Francis Harris has already delivered a brace of thoughtful electronic albums in Lelend (2012) and Minutes of Sleep (2014), where he has considered some of our slowest moving and abstract ‘virtualities’. The train of thought continued with two albums as half of the Aris Kindt duo, but now Harris turns back to a solo identity for Thresholds.

In it, he ‘aspires to sonic universality and the presentation of a fully formed psychoacoustical world’, though it is not an ‘album of ideas’. In the commentary from his label, ‘inspired by the ecological and political upheavals of the present and the role of speculative thought as an avenue of global transformation, Thresholds is the work of a mature artist fully in control of his powers’.

What’s the music like?

While it is certainly important to consider the elements above, Thresholds stands on its own two feet for the listener who is completely new to its thoughts and sound worlds.

Often these worlds cross over, the album acting as the sonic equivalent of being on a train journey, or standing still while observing an object pass against overhead against a starry backdrop. The most effective tool here is the wide range of percussion, some of it very subtle, that Harris has at his disposal. The instruments and sounds, both acoustic and electronic, decorate the slow awakening of Useless Machines, then pepper Rebstock Fold with what feels like spots of electronic rain as a slower moving sequence of chords takes hold.

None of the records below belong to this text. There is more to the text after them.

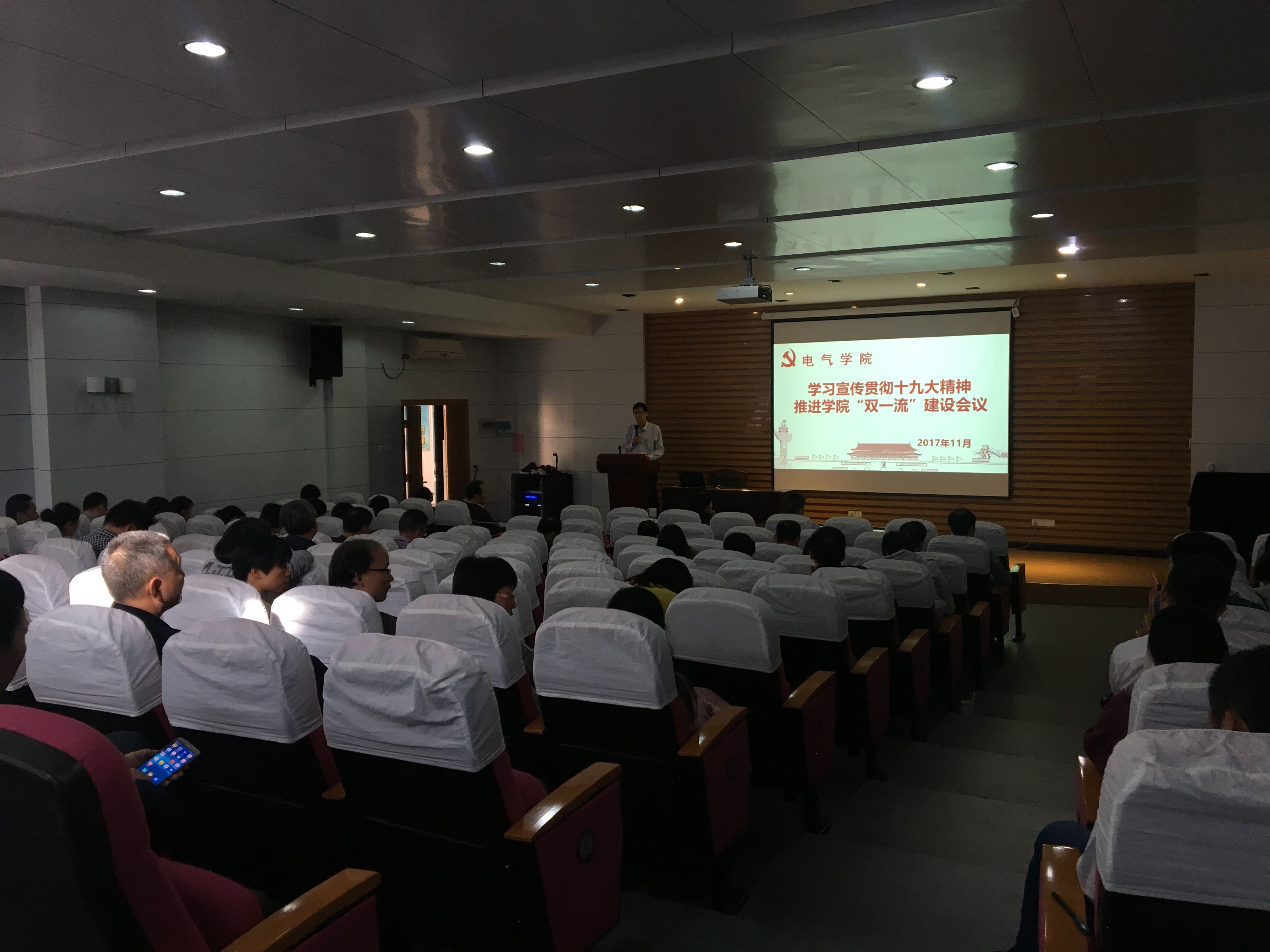 召开全体教职工大会,学习十九大报告精神,部署学院“双一流”建设相关事宜。
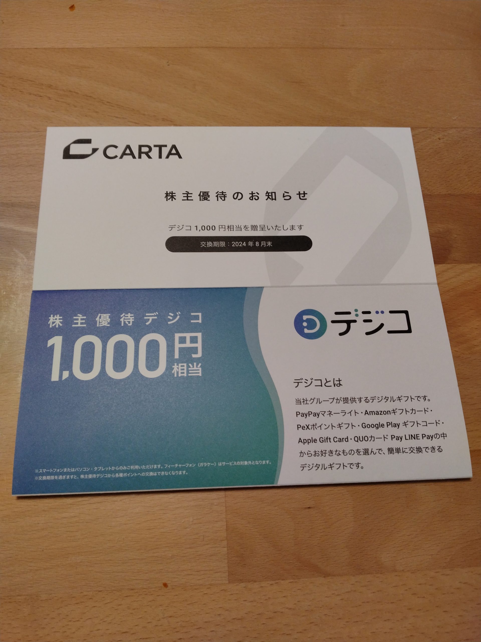 2024/3/11、株主優待の「株主優待のお知らせ」を頂きました!!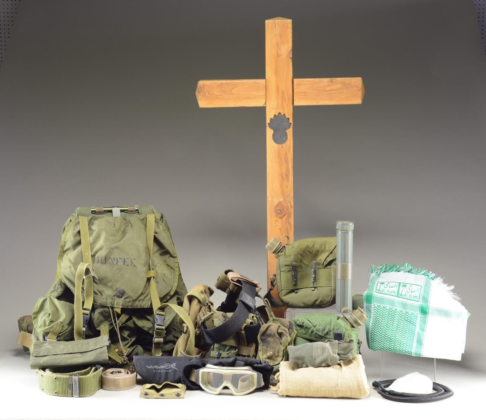 . This lot consists of items worn by USMC CWO David Dunfee during his time in the Middle East. The items are as follows: 1. Gear Tree. Gear tree in the shape of a Christian cross w/ Marine Gunner emblem. Gear tree measures 44 1/4" from top to bottom & 21" across. 2. Wiley X sunglasses w/ black pouch & spare lenses. 3. Headdress marked "Al-SAMI" w/ Islamic letters. 4. Two USGI collapsible canteens w/ pouches. 5. OD Green Alice pack w/ frame. Pack marked "DUNFEE" & has Gunner emblem pin. 6. Belt w/ six M16/M4 mag pouches, large tan Blackhawk pouch, a dual pistol mag pouch, a small Blackhawk pouch w/ Garmin Venture etrex GPS & right handed tan holster. 7. A pair of green gloves. 8. Two BDU M16/M4 mag pouches. 9. OD Green GI style belt. 10. A set of tan ESS goggles w/ pouch. Items are housed in a black plastic tub. 11. BDU woodland camo helmet cover marked "DUNFEE". CONDITION: items vary from good to very good overall w/ some items exhibiting the expected wear & tear from field use. (02-22666/MJC). $400-600.

Harris keeps a background haze to proceedings, while a variety of musical languages unfold in the foreground. Many of these are slow moving, honing in on certain details, such as the muffled trumpet solo or vocal snippets that feature in Earth Moves. The dappled colours created by the music are often softly mesmerising. The title track, for instance, has digital chattering in the foreground while chords shift slowly in the background. The trumpet reappears on Speculative Nature Of Purposive Form as part of a largely static soundscape, but Cut Up responds to this with a good deal of nervous energy, its percussive buzzing suggesting an outlying jazz influence.

Does it all work?

Yes. These thoughtful compositions are consistently engaging but work as a whole in shifting the focus of the mind to calmer areas, the listener taking in the musical activity around the stereo picture but able to let it run on its way simultaneously.

Is it recommended?

Yes – Francis Harris makes ambient music with a difference, its intricate construction creating all sorts of moving patterns that the listener can either latch on to or allow to run free. Its imaginative colours and textures reveal something different with each encounter.